Fire burn and cauldron bubble…

April 19, 1996

Howdy folks. It’s Friday again, and a stormy, blustery Friday it is too. But the weather is probably different depending on where you are, so instead I’ll talk about something you find everywhere: grocery stores. Have you ever wondered who buys some of the stuff you see in grocery stores? I was in the meat section the other day looking for Pop Tarts, and I found this whole part of the meat section filled with stuff with had purple labels that said "Mature". Now, I don’t know anything about graphic design or anything like that, but if I had designed those labels, I probably would not have chosen a color that would accentuate so well the green tinge of the meat. Needless to say, I’ll leave the mature meat to the mature old men who wander the store talking to their eggs because I prefer hamburgers that have to be cooked instead of sterilized.

Oh, before I give you this week’s unrelated snippet, several of you noticed that last week went by without a single mention of Sri Lanka.

I was met in the parking lot by a couple of thugs named Romesh, and, to make a long story short, I did a special cleansing ritual in the jungle and everything’s all right now.


10. "I see the flat tax wouldn’t apply to you."

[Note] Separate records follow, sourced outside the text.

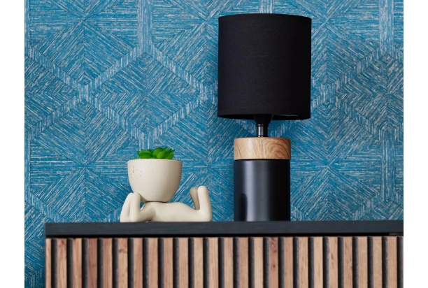 Tato elegantní stolní lampa zaujme svým krásným barevným provedením. Na matně černém válcovém podstavci z kovu s imitací textury a barvy dřeva je patice E14, kterou překrývá černé textilní stínidlo o průměru 14 cm. Díky svému unikátnímu vzhledu se stane nejen stylovým prvkem, ale také praktickým zdrojem světla pro různé účely. Celková výška 29 cm.
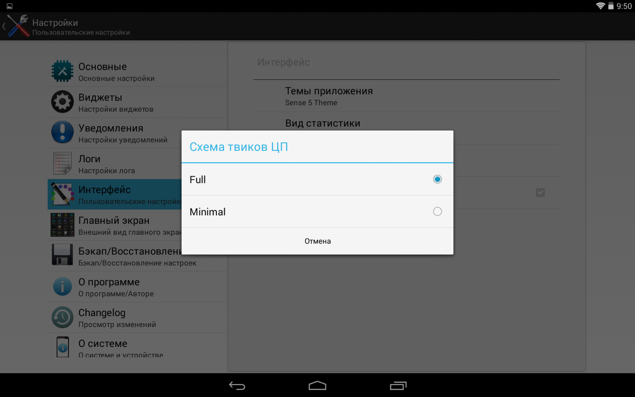 Предусмотрена и возможность выбрать схему отображения твиков CPU – полная или минимальная.
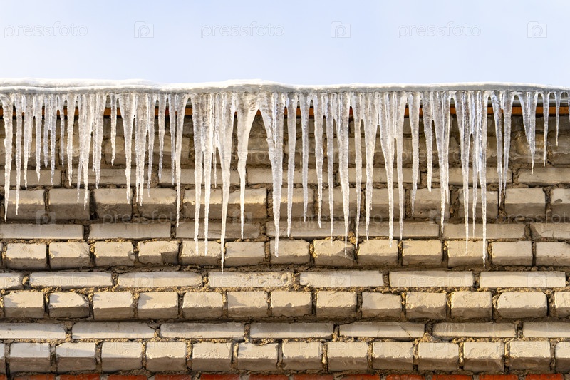 Ледники на крыше зимой, оттачивают. Красивые ледники на зимней крыше в ближайшем плане
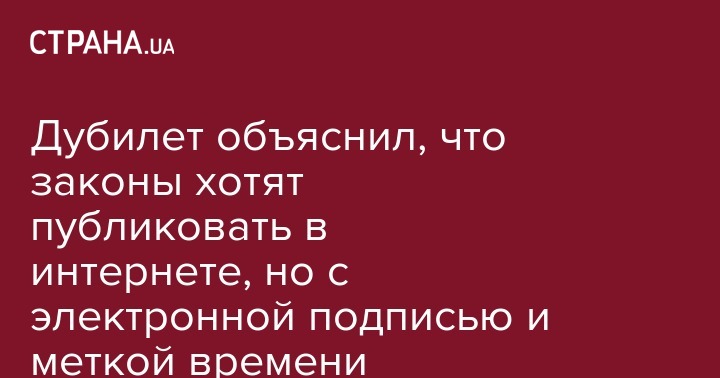 Министр Кабмина Дмитрий Дубилет пояснил, что если обязательную публикацию законов в "Урядовом курьере" и "Голосе Украины" отменят и их будут обнародовать на Едином веб-портале органов исполнительной власти, на них будет наложена электронно-цифровая подпись с меткой времени, поэтому изменить их не получится.

9. "Inflation isn’t the only thing going up around here."

8. "I’d like you to exercise my pocket veto."

7. "Could you give my voting lever a little pull?"

6. "I said I wanted to keep the governmetn out of the bedroom, but I didn’t mean this senator."

5. "Hello, my name is Sen. Bob Packwood…."

4. "…and hve you met my friend Sen. Ted Kennedy?"

3. "Would you like to import some fine foriegn salami?"

2. "Do you wanna go stuff the ballot box?"

1. "I’ve got an economic stimulus package right here in my pants…er, uh, pocket."